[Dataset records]

= Beginning of Section =

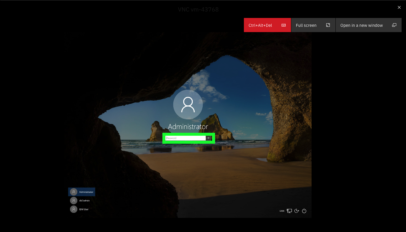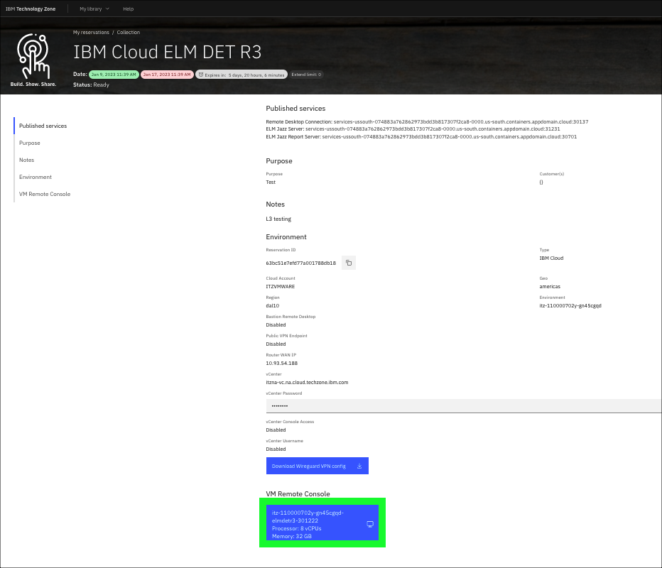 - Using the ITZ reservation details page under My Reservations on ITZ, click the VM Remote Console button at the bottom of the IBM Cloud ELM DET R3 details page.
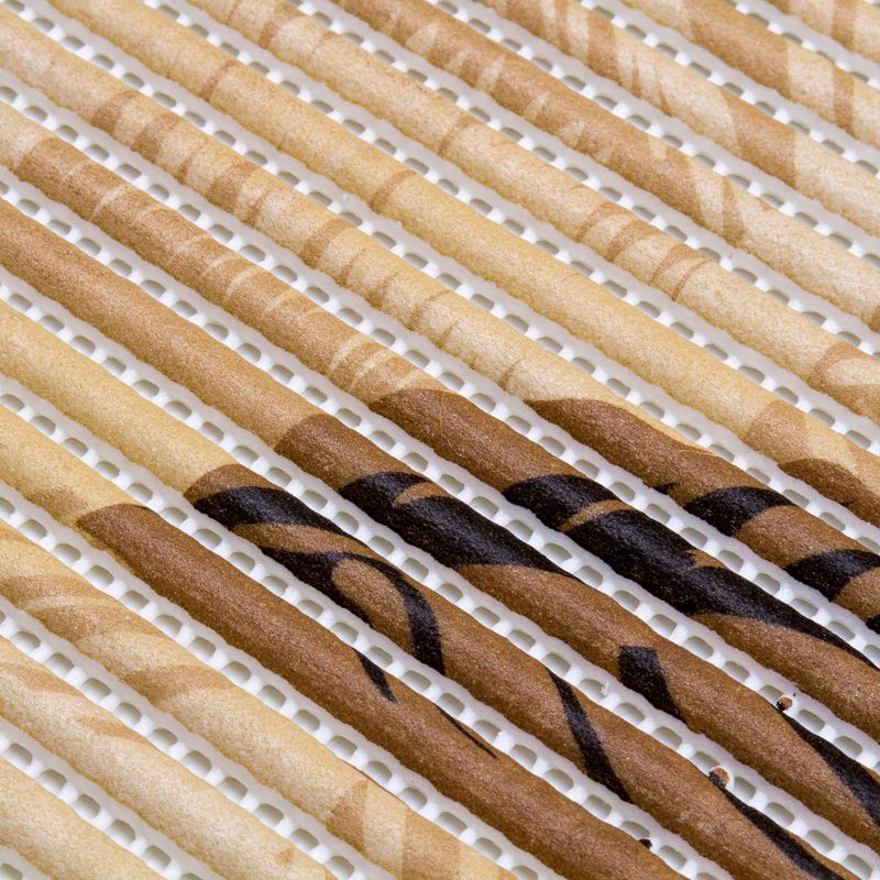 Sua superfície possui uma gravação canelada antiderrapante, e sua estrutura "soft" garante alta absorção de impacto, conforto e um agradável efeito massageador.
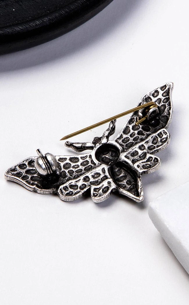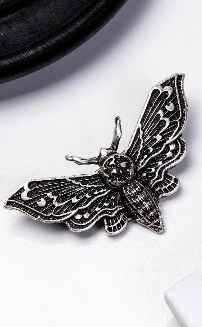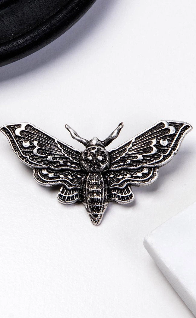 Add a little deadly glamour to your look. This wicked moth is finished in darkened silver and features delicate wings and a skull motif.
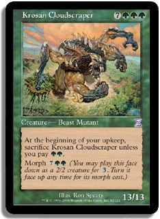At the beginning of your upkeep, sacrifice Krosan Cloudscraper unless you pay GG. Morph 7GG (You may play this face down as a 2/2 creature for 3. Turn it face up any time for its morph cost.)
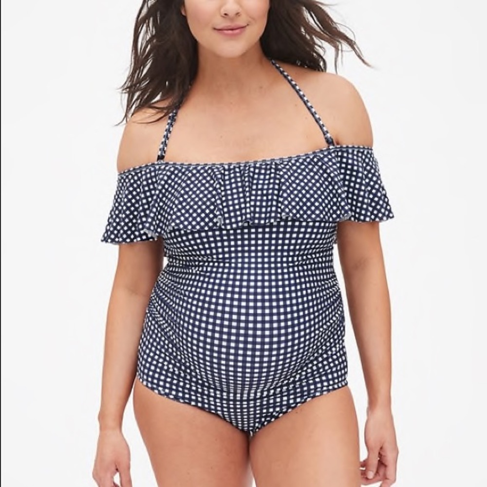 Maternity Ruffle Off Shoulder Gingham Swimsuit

= End of Section =

Task objective: Copy out each record shown above without alteration, skipping any picture.

Written response:
 - Using the ITZ reservation details page under My Reservations on ITZ, click the VM Remote Console button at the bottom of the IBM Cloud ELM DET R3 details page.
 Sua superfície possui uma gravação canelada antiderrapante, e sua estrutura "soft" garante alta absorção de impacto, conforto e um agradável efeito massageador.
 Add a little deadly glamour to your look. This wicked moth is finished in darkened silver and features delicate wings and a skull motif.
At the beginning of your upkeep, sacrifice Krosan Cloudscraper unless you pay GG. Morph 7GG (You may play this face down as a 2/2 creature for 3. Turn it face up any time for its morph cost.)
 Maternity Ruffle Off Shoulder Gingham Swimsuit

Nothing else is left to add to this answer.